> **MATERIAL SHOWN**:

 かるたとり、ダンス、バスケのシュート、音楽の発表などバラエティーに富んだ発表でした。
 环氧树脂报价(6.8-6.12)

--

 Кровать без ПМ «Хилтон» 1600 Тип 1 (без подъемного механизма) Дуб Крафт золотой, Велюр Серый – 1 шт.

...

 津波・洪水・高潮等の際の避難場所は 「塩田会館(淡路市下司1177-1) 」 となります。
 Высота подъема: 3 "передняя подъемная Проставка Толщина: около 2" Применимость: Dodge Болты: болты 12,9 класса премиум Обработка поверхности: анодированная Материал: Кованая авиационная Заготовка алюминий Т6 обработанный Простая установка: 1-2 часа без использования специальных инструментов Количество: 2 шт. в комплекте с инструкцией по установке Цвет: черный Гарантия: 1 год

> **YOUR TASK**:
Restate word for word the entries above from the line with "かるたとり、ダンス、バスケの" through the line with "环氧树脂报价(6.8-6.12)", inclusive, leaving out everything else.

> **ANSWER AREA**:
 かるたとり、ダンス、バスケのシュート、音楽の発表などバラエティーに富んだ発表でした。
 环氧树脂报价(6.8-6.12)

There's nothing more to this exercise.